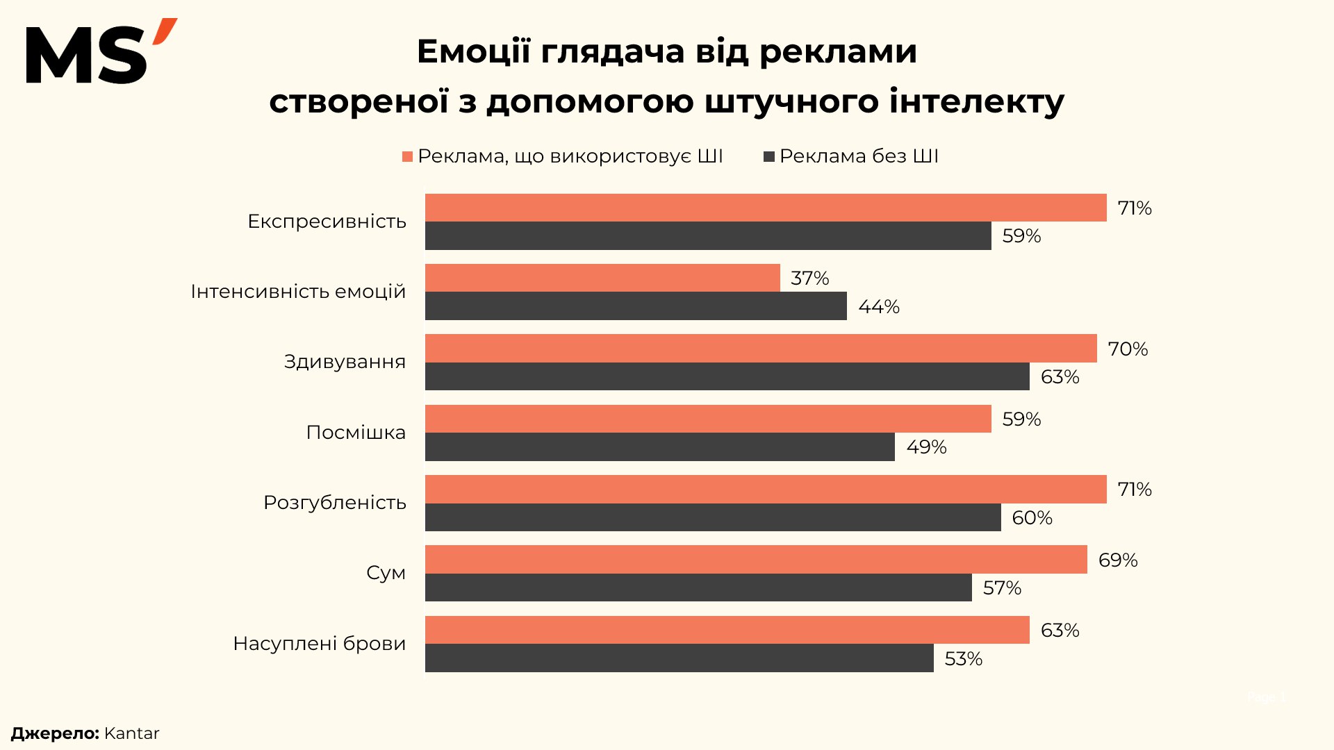Реклама, створена за допомогою штучного інтелекту, майже за всіма емоційними показниками випереджає креативи без ШІ. Наприклад, рівень експресивності у таких роликів сягає 71% проти 59% у традиційній рекламі. Здивування також виникає частіше — 70% проти 63%, а посмішку ШІ-креативи викликають у 59% глядачів, тоді як без ШІ — у 49%.
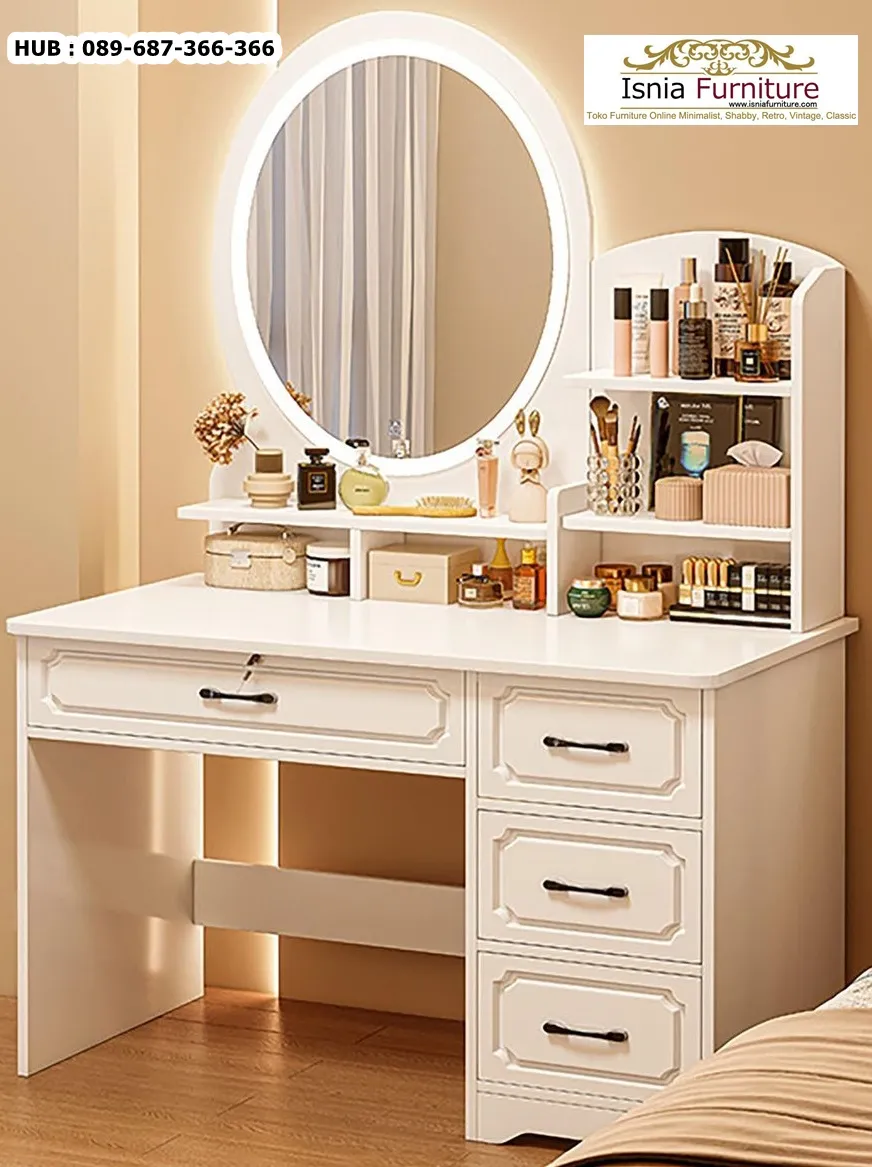 Beberapa orang mungkin menyukai Meja Rias Simpel karena simpel membuat ruangan terasa lega dan luas, dah taukan funsgi meja rias untuk apa? meja rias bukan hanya sebagai tempat untuk makeup dan skincare saja tetapi juga merupakan kelengkapan yang harus ada di dalam kamar seorang wanita, karena sebagai tempatĀ  menyimpan aneka macam jenis makeup, serta peralatan kecantikan. Dengan meja tersebut, maka bisa menata alat perawatan wajah dan tubuh, serta produk kecantikan dengan rapi.
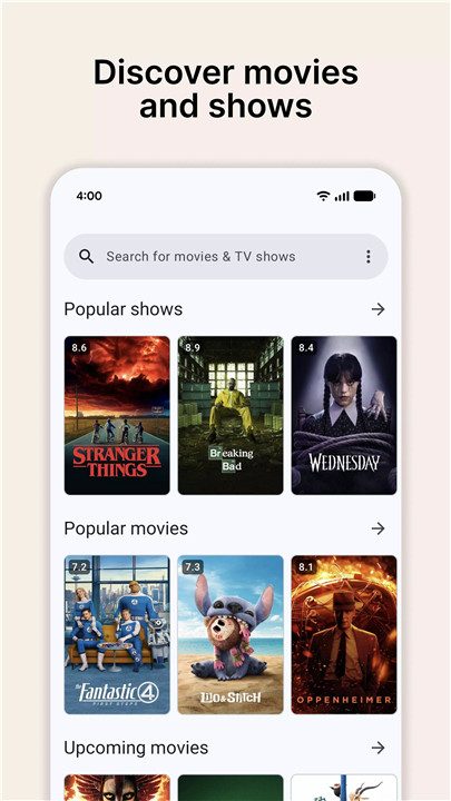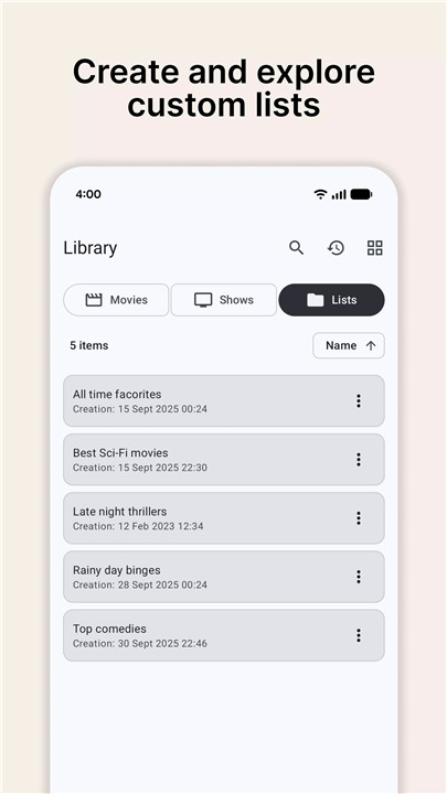 Connect with friends by following their lists and activities. Share movies, shows, or custom lists with a simple tap, making it easy to swap recommendations and enjoy shared entertainment experiences.

(DIRECTIONS FOR THIS TASK): Could you print the data exactly as it appears and keep the pictures out?

(RESPONSE TO THE TASK):
Реклама, створена за допомогою штучного інтелекту, майже за всіма емоційними показниками випереджає креативи без ШІ. Наприклад, рівень експресивності у таких роликів сягає 71% проти 59% у традиційній рекламі. Здивування також виникає частіше — 70% проти 63%, а посмішку ШІ-креативи викликають у 59% глядачів, тоді як без ШІ — у 49%.
 Beberapa orang mungkin menyukai Meja Rias Simpel karena simpel membuat ruangan terasa lega dan luas, dah taukan funsgi meja rias untuk apa? meja rias bukan hanya sebagai tempat untuk makeup dan skincare saja tetapi juga merupakan kelengkapan yang harus ada di dalam kamar seorang wanita, karena sebagai tempatĀ  menyimpan aneka macam jenis makeup, serta peralatan kecantikan. Dengan meja tersebut, maka bisa menata alat perawatan wajah dan tubuh, serta produk kecantikan dengan rapi.
 Connect with friends by following their lists and activities. Share movies, shows, or custom lists with a simple tap, making it easy to swap recommendations and enjoy shared entertainment experiences.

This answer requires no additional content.